20121208_atc_04.mp3?orgId=1&topicId=1014&d=209&p=2&story=166791297&t=progseg&e=166778087&seg=4&ft=nprml&f=166791297

There's an event held every year in Washington known as the Saban Forum — named for Haim Saban, the Israeli-American media mogul who funds it. It's a night of elbow-rubbing between D.C. and Middle East political leadership, though foreign dignitaries are mostly Israeli.

Hillary Clinton was the keynote speaker at this year's forum, which was held last week. But before she spoke, the audience was treated to an eight-minute video.

It was a sort of glossy, high-end highlights reel of her public life — as first lady, senator and secretary of state — studded with interviews from international bigwigs like current and former Israeli Prime Ministers Benjamin Netanyahu and Ehud Barak, former British Prime Minister Tony Blair and Sen. John Kerry. They praised her work, joked about her distinctive laugh and made cryptic comments about good things in her future.

David Remnick, editor of The New Yorker, was in the audience. That video and her speech was enough to convince him that Clinton is going to run for president in 2016.

"The combination of the film, the way she gave her speech — which was extremely uncritical of the Israelis, even at a moment when the Israeli-America relationship is, I would say, very troubled — gave one the indication that she is being hypercareful and looking forward to a career that still has politics in it," Remnick told Weekends on All Things Considered host Guy Raz. "And where else is there to go other than a presidential race?"

At the end of the video, Blair delivers a line that Remnick says everyone in the audience was expecting.

"I just have an instinct that, with Hillary, the best is yet to come," he says as the music swells.

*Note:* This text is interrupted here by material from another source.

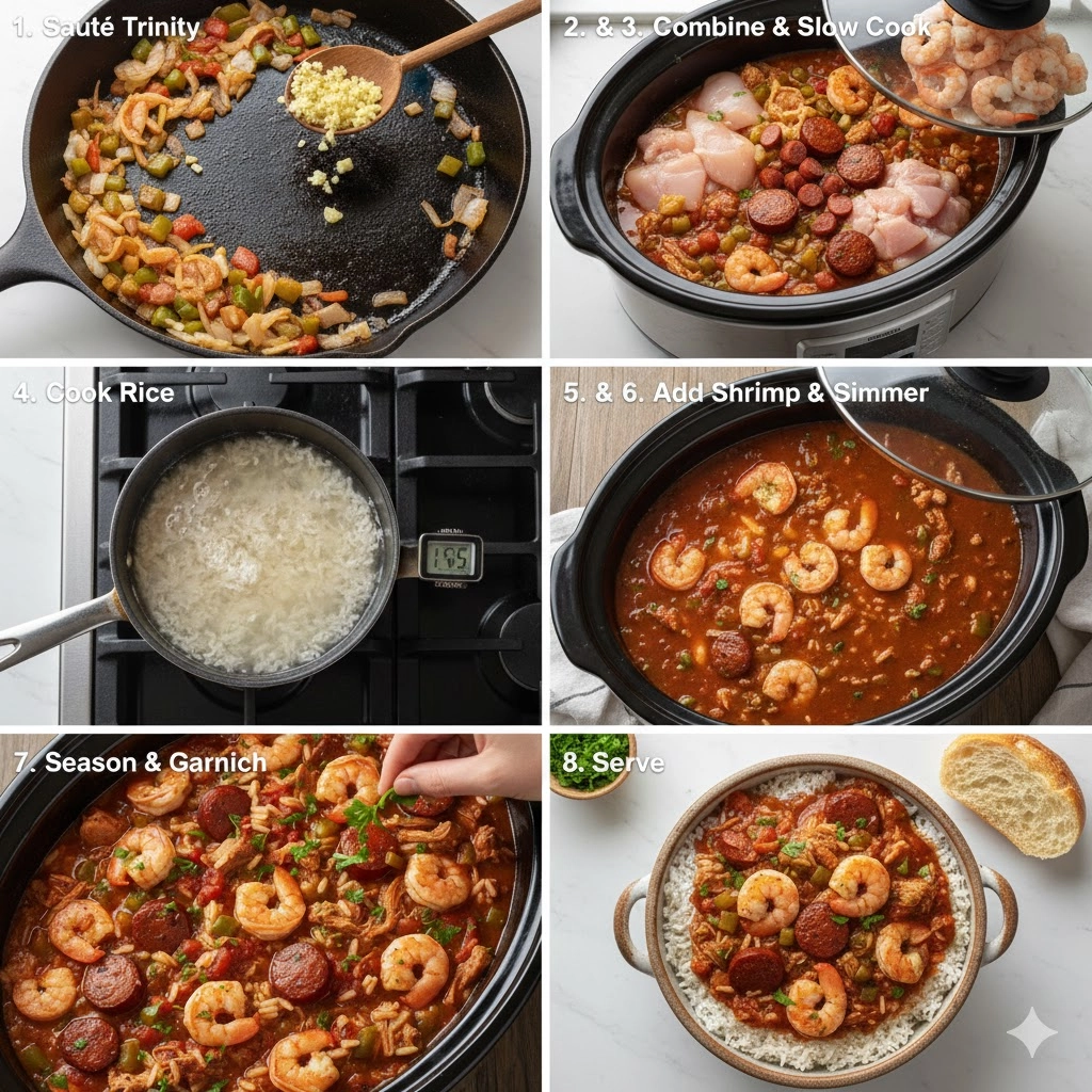 These instructions are broken into two critical stages to ensure all ingredients reach their peak texture. Do not add the shrimp or rice until the initial cook stage is complete.

It's vague, granted, and Remnick says this kind of political prognostication right after an election is a bit of a stretch — after all, there's a lot that can happen between now and 2016. But he says he'd be surprised if Clinton didn't run in 2016. And, he says the video sure seemed like a push from some in the international community for Clinton to throw her hat in the ring and go for the White House.

At the very least, it gave the international politicians a chance to hedge their bets and say nice things about someone they think could be president.

"I think there's not a single person who appeared in that film who hasn't read Machiavelli," he says.

But even though the video looked like a campaign ad, Remnick says the hypothetical Hillary '16 campaign probably won't be re-running the video as a campaign ad four years from now.